According to the website of China Association of Automobile Manufacturers (CAAM), both the production volume and the sales volume of automobiles in China exceeded 28 million in 2016, and ranked the first in the world for eight consecutive years. With the rapid increase of the car ownership, the problem of tight energy supply and increased exhaust pollution has become increasingly prominent. Energy saving, emission reduction and low-carbon environmental protection have become the development direction and a new historical mission for automakers nowadays. In recent years, people have done a lot of researches on energy saving and emission reduction of automobiles, and many measures have been taken. One of the most effective measures is lightweight of automobiles. According to the relevant researches, 60% of fuel used in an automobile is consumed by the weight of the automobile. For every 100 kg of weight loss of the automobile, the fuel consumption per 100 kilometers can be reduced by about 0.7 L. For every 1 L of fuel saved, CO2 emission can be reduced by 2.28 Kg, and the annual emission can be reduced by 30% or above. In addition, for every 1% of weight loss of a general part of the automobile, 1% of fuel can be saved. For every 1% of weight loss of a moving part, 2% of fuel can be saved. With the increasing demand for lightweight automobiles, aluminum alloy wheels are being widely popularized and used in the automotive industry thanks to their advantages such as light weight and good shock absorption performance.

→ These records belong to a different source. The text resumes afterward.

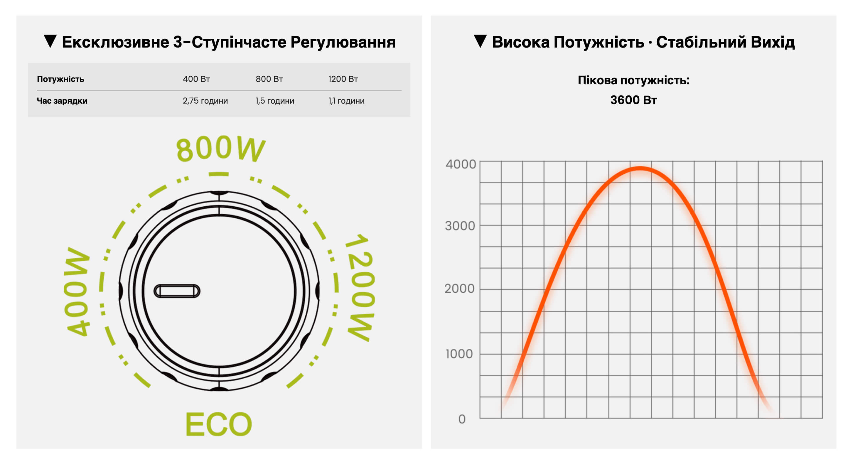 На корпусе зарядной станции расположен регулятор, позволяющий изменять потребляемую мощность зарядки в диапазоне от 400 до 1200 Вт. Переключатель с тремя фиксированными позициями управляет работой внутреннего AC-DC преобразователя, задавая ограничение тока на входе. Это даёт возможность адаптировать режим зарядки под доступную сеть или под конкретные требования пользователя. При максимальном уровне входные 1200 Вт обеспечивают полное заполнение за 1 час 10 минут. Снижение до 800 Вт увеличивает цикл до 1 часа 30 минут, а 300 Вт обеспечивают полный заряд за 2 часа 45 минут. Такая гибкость позволяет безопасно заряжать станцию от слабых или перегруженных линий, избегать срабатывания автоматов и выбирать скорость, необходимую в конкретных условиях.
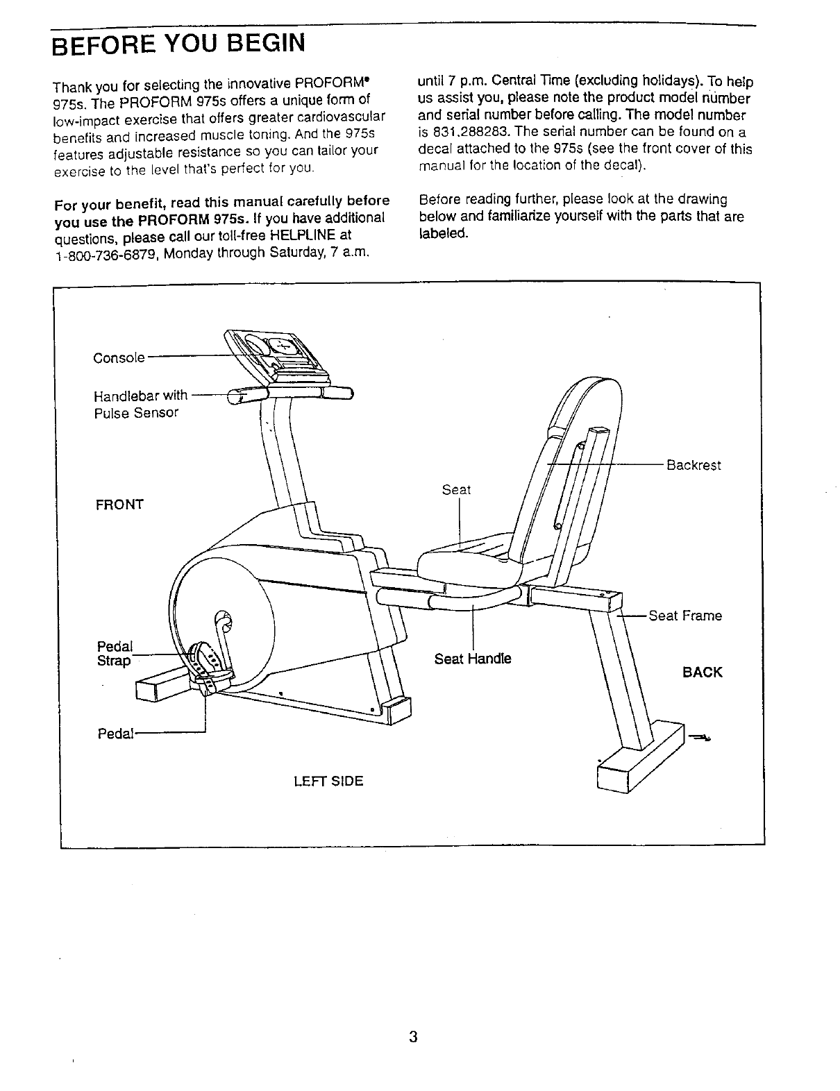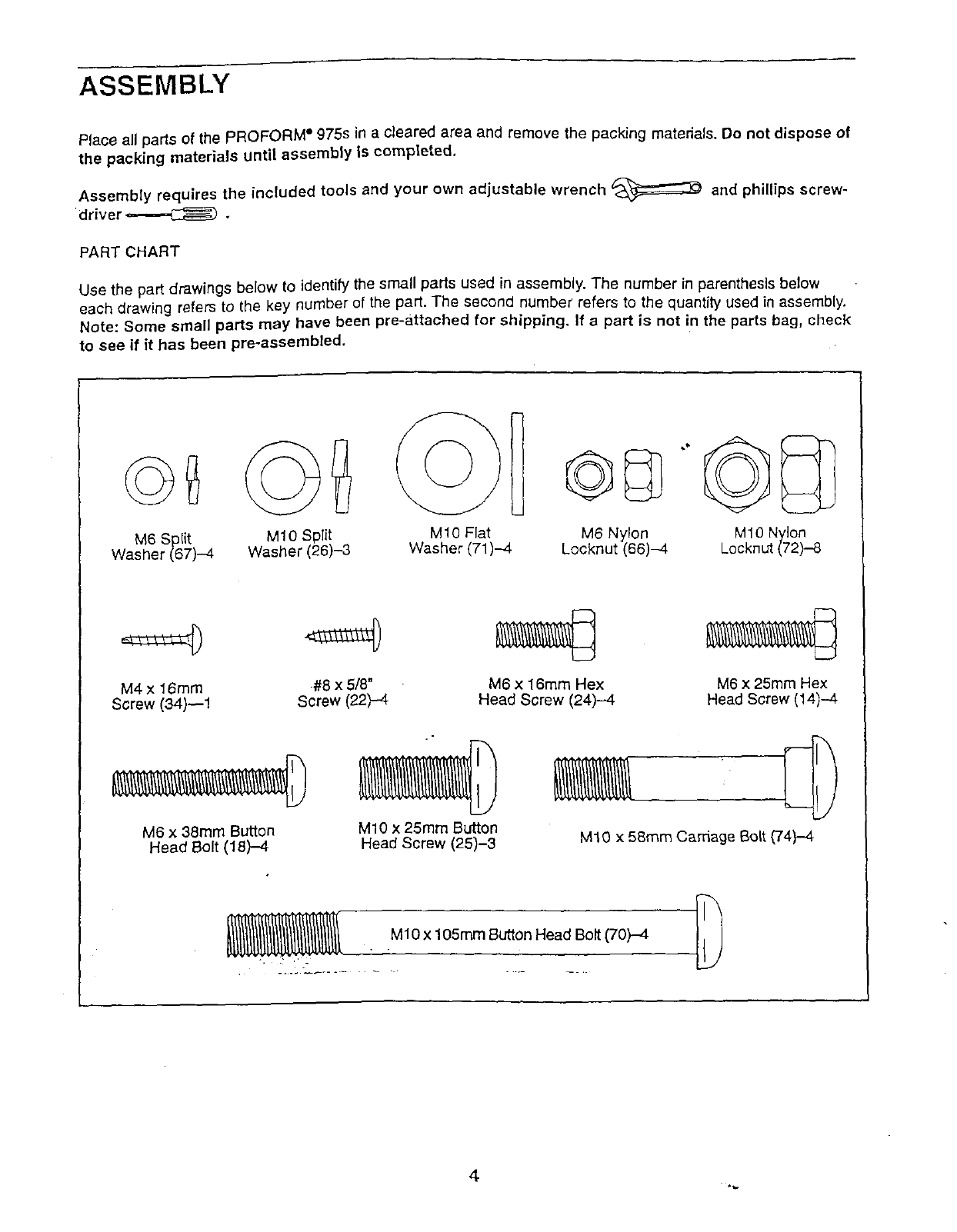 Place all parts of the pROFORM" 975s in a cleared area and remove the packing materials. Do not dispose of
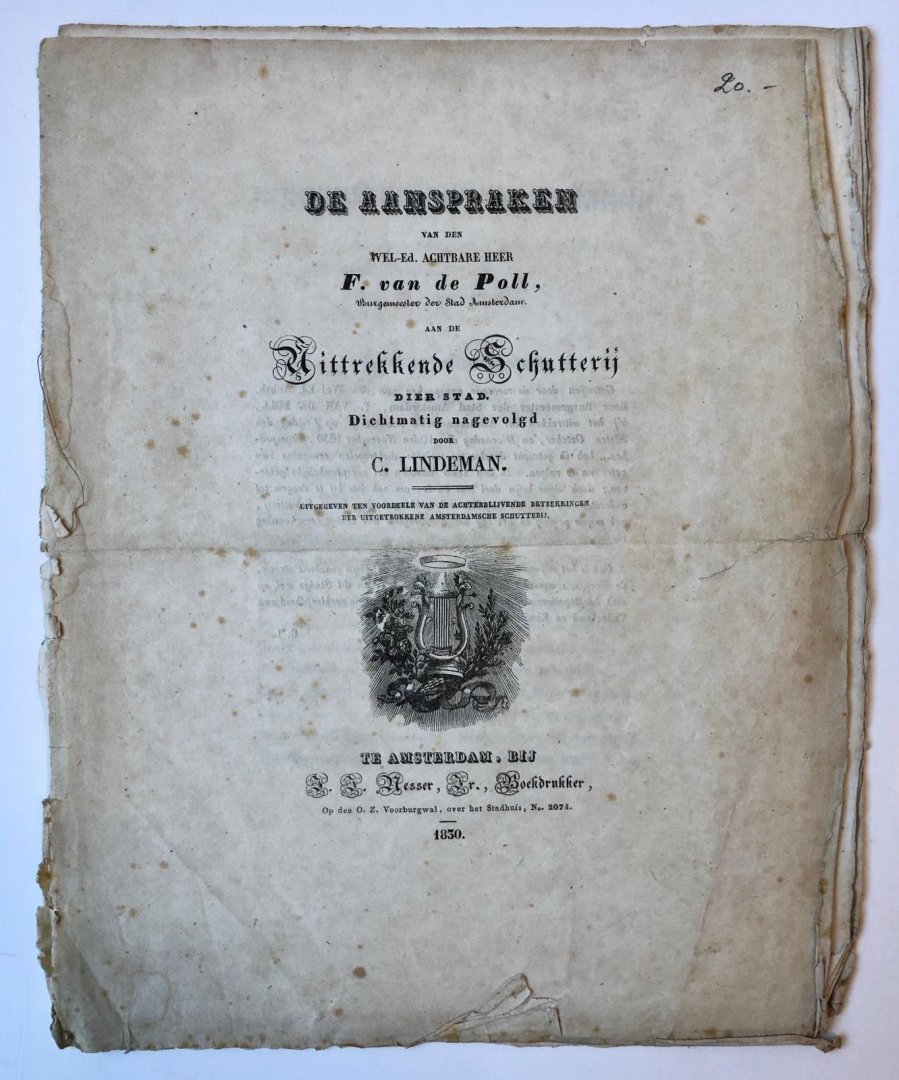 ![AMSTERDAM, SCHUTTERIJ 1830, VAN DE POLL, LINDEMAN - [Printed publication, poetry, 1830] “De aanspraken van (...) F. van de Poll, burgemeester der stad Amsterdam, aan de uittrekkende schutterijen dier stad, dichtmatig nagevolgd door C. Lindeman”, Amsterdam, J.J. Nesser Jr 1830, gedrukt, 4°, 12 p. AMSTERDAM, SCHUTTERIJ 1830, VAN DE POLL, LINDEMAN - [Printed publication, poetry, 1830] “De aanspraken van (...) F. van de Poll, burgemeester der stad Amsterdam, aan de uittrekkende schutterijen dier stad, dichtmatig nagevolgd door C. Lindeman”, Amsterdam, J.J. Nesser Jr 1830, gedrukt, 4°, 12 p.](https://images.boekwinkeltjes.nl/medium/lf7b9SnM2BuJdvOkFoTt.jpeg)
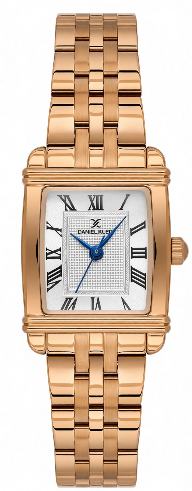 Daniel Klein DK14115‑5 — элегантные кварцевые часы для современных женщин, которые ценят утончённый дизайн и надёжность. Прямоугольный корпус цвета розового золота в сочетании с серебристым циферблатом и римскими цифрами создаёт изысканный образ, подчёркивающий индивидуальность и чувство стиля.
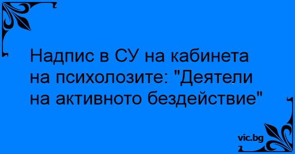 Надпис в СУ на кабинета на психолозите: "Деятели на активното бездействие"
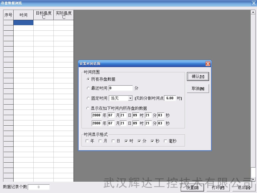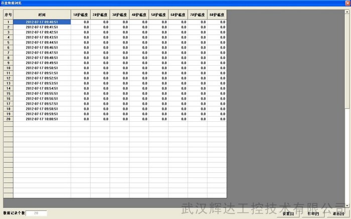 5.功能完善的数据记录方式,自动生成表格,供随时查阅、使用。9台电炉的温度数据通过一个表格进行数据记录(EXCEL格式),查询时可任意选定日期时间进行查询。

Compared with a cast aluminum alloy wheel, a forged aluminum alloy wheel has finer internal grains, high material strength and elongation and higher strength-to-weight ratio, and is much higher in impact resistance, shear strength and tensile load than the cast aluminum alloy wheel. According to statistics, the forged aluminum alloy wheel may be lighter than the cast aluminum alloy wheel by 15 to 25%. Thermal treatment is one of the most important processes in the production of the forged aluminum alloy wheels, and is of vital importance to the performance, quality and service life of the wheels. A suitable thermal treatment process may fully exert the use potential of a material, reduce stress concentration and eliminate internal stress. In addition, long-term service of the forged aluminum alloy wheels in complex environments and working conditions is prone to micro fatigue cracks on the surfaces of the wheels and exacerbated extension, resulting in an ultimate failure of the wheels.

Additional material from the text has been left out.